Любимый аромат пары вдруг окутал с ног до головы. Укачивая, нашептывая утешения, баюкая, словно любимое дитя, и защищая от всех невзгод, от всего мира. За дверью слышались шаги, доносились редкие голоса, едва уловимо тянуло сигаретным дымом.
Ему стало все равно.
Марк сел, откинув покрывало в сторону, и опустил ноги на пол.
Широкое окно справа открывало вид на просторную террасу, изодранную талыми остатками снега и светом ночных фонарей. Ветер терзал нагие деревья, утягивая непокорные кроны за собой, будоража приросших к одному месту несчастных обещаниями приключений, далеких стран, широких берегов. Но те упорно впивались в жалкий клочок земли, метр на метр, не смея отпустить насиженное место.
Стало зябко, несмотря на жар радиатора, обдающий ноги. Марк опустил взгляд. Раскрытая, порванная рубаха, расстегнутые штаны, босые ноги.
Как же он устал.
Подойдя к кровати Родиона, омега залез в постель, накрылся с головой и уснул.
И проснулся от того, что кто-то гладил его по волосам, осторожно, как папа. Он не спешил шевелиться и выдавать свое пробуждение. Ему было хорошо. Вот бы так было всегда. Наконец, приоткрыв глаза, он шумно выдохнул.
— Как ты? — голос Родиона тянул горечью.
— Не знаю, — честно признался Марк, позволяя тишине ненадолго отсрочить неизбежное. — Он жив?
Как только последний звук растаял на губах и до того как Родион ответил, Марк вспомнил всю свою осознанную жизнь. Нет, она не промелькнула, словно полоса киноленты, и не взорвалась ярким фейерверком пережитых эмоций, не пронеслась спуганой стайкой мелких птиц, не зашуршала страницами фотоальбома со счастливыми лицами.
Она ударилась о ребра одной-единственной мыслью: — «Я могу быть с тобой?».

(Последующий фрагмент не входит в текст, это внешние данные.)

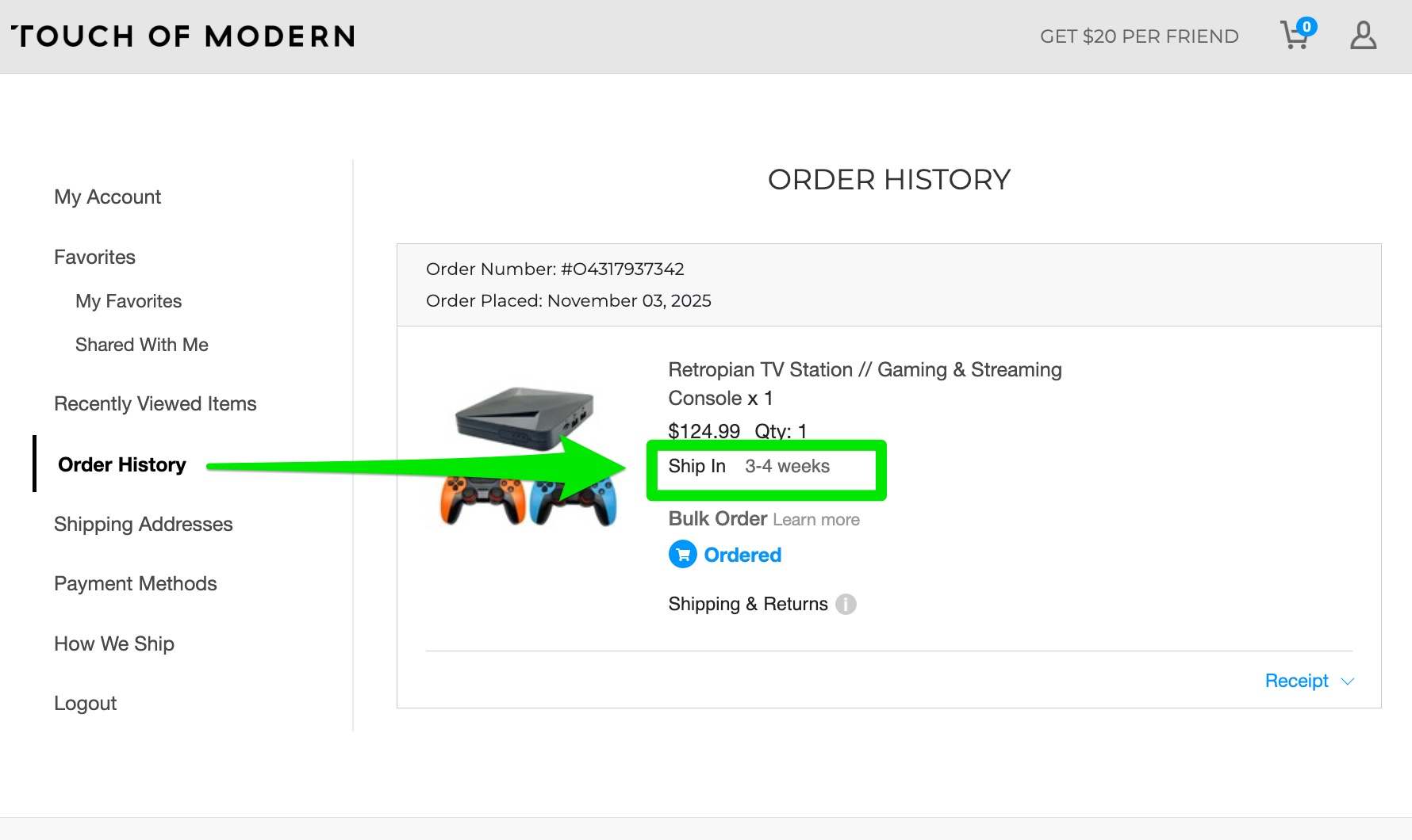 Once shipped, you’ll receive an email with tracking information. Delivery times vary based on whether your item ships from a supplier or from our warehouse. You can also track the status of your order in the Order History section of your Account page.

Эхо отдалось до основания души, если Марк еще не лишился ее, когда отнял чужую жизнь.
— Да. В больнице, в тяжелом состоянии, но жить будет.
Что-то сдавило до скрежещущей боли, а потом отпустило, решив позволить омеге дышать. Марк перекатился на спину, жадно втянул воздух ртом, и слезы облегчения одновременно скользнули из уголков глаз.

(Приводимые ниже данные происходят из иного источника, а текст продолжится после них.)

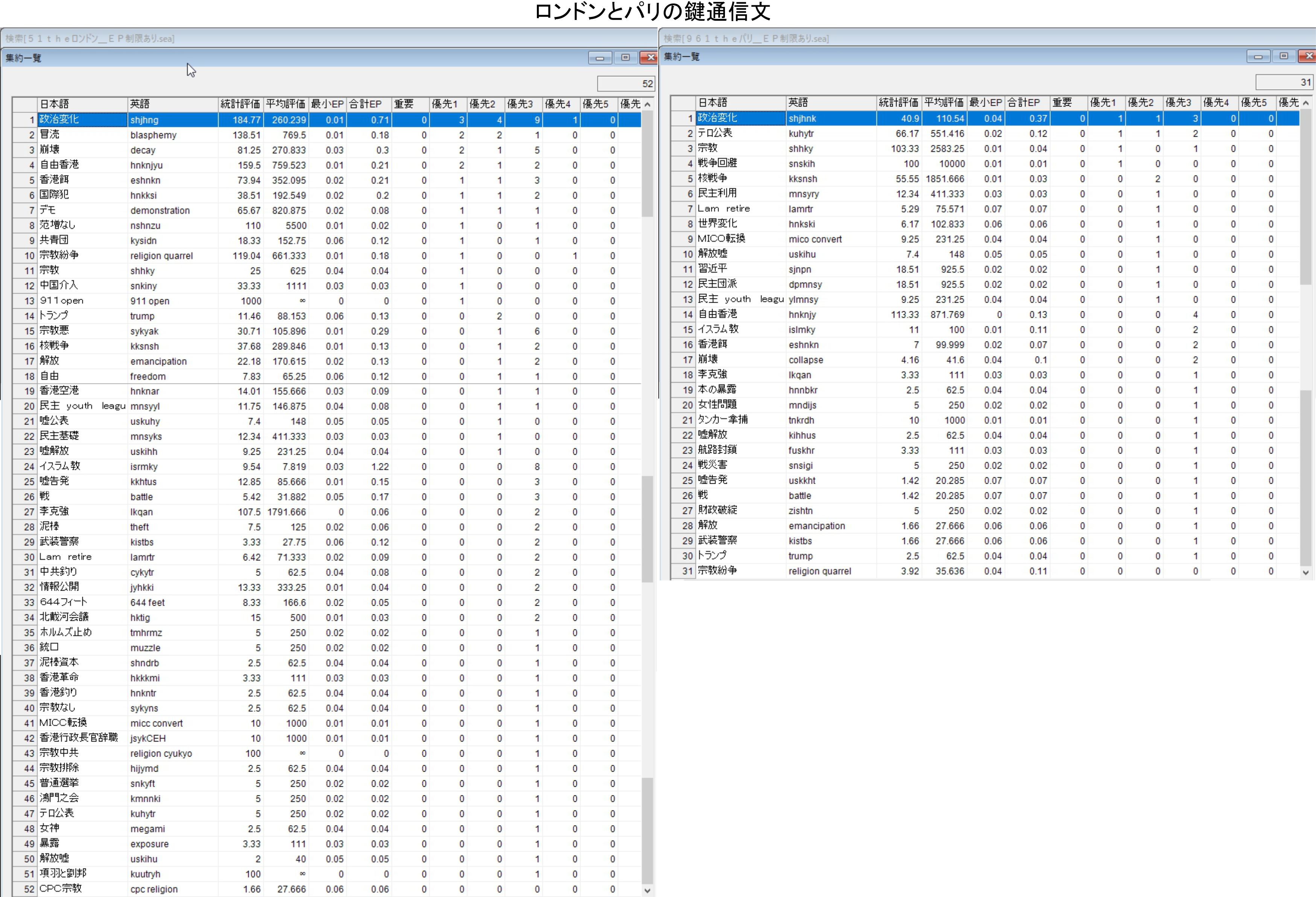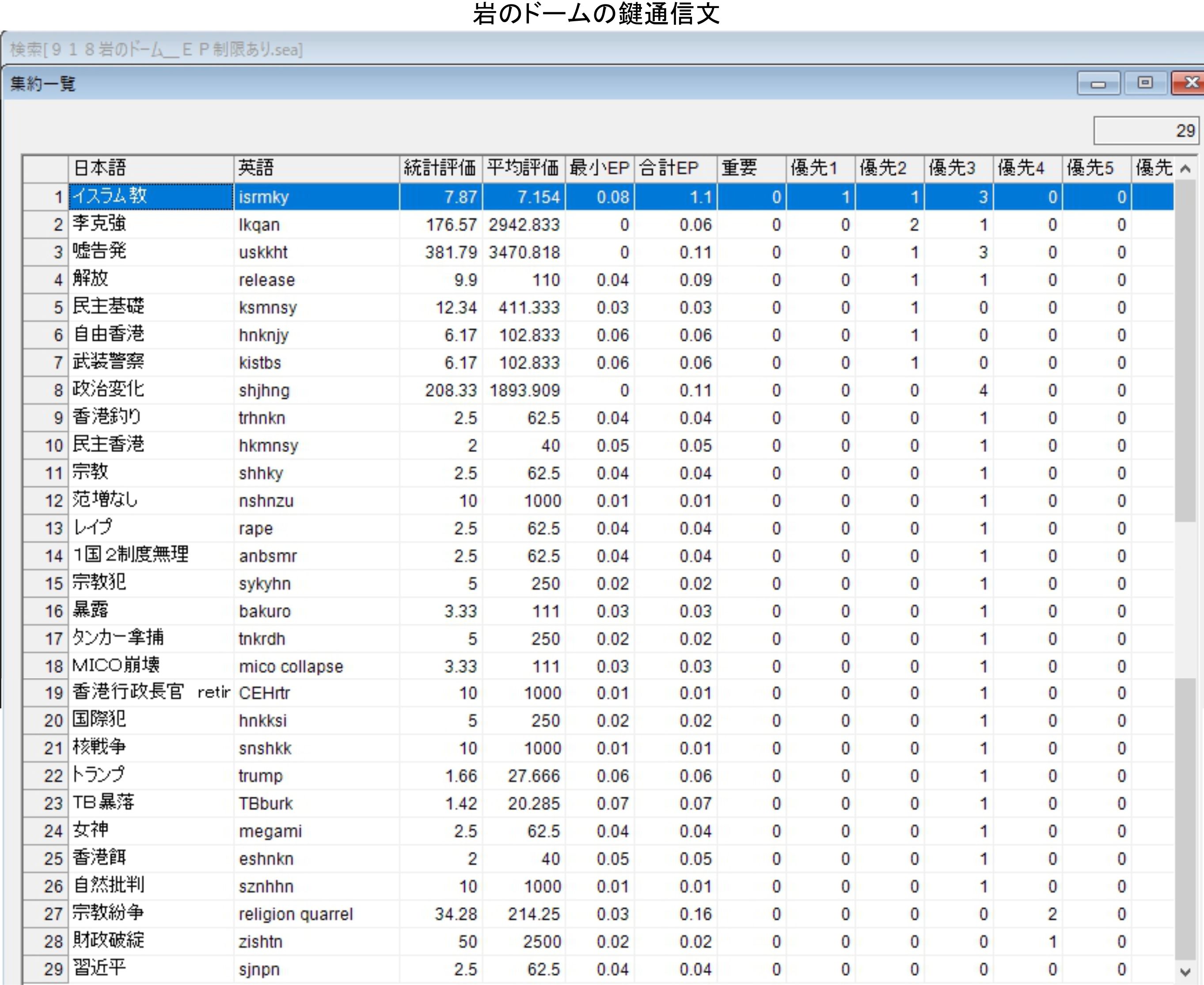 1,政治変化 2,冒涜 3,崩壊 4,自由香港 5,香港餌

— Спасибо, — непонятно кого поблагодарил он, — спасибо, — то ли Родиона, что вернул надежду, то ли бога, не отнявшего ее.
Родион склонился над омегой, спеша сцеловать драгоценные соленые кристаллики. А затем накрыл его телом, не ложась, боясь раздавить свое сокровище, которое не уберег. Марк обхватил любимого руками в ответ, прижимаясь теснее.
Так они и застыли, позволяя друг другу просто быть рядом. А потом Марк заговорил. Заговорил, как на духу, не скрывая ничего:
— Я помогал ему с учебой. Мне было одиноко и я позволил ему воспользоваться этим. Он пришел под вечер, назвал меня Марком, я решил, что ему все известно, и по глупости или от страха открыл дверь.
Марк затих.
Вспоминать не хотелось.
— Он знал о течке и хотел… хотел… — голос омеги задрожал.
— Тише, мой хороший, тише, — Родион обхватил затылок омежки рукой и притиснул к своему плечу, пряча от тех ужасов, что пришлось пережить его маленькой паре. — Но откуда он узнал, как тебя зовут?
Сокольников был готов поклясться, что не оставил никаких улик.
— Случайно услышал, тогда, в библиотеке. Помнишь? — осторожно спросил омега, заглядывая альфе в лицо и надеясь, что тот не станет винить во всем себя.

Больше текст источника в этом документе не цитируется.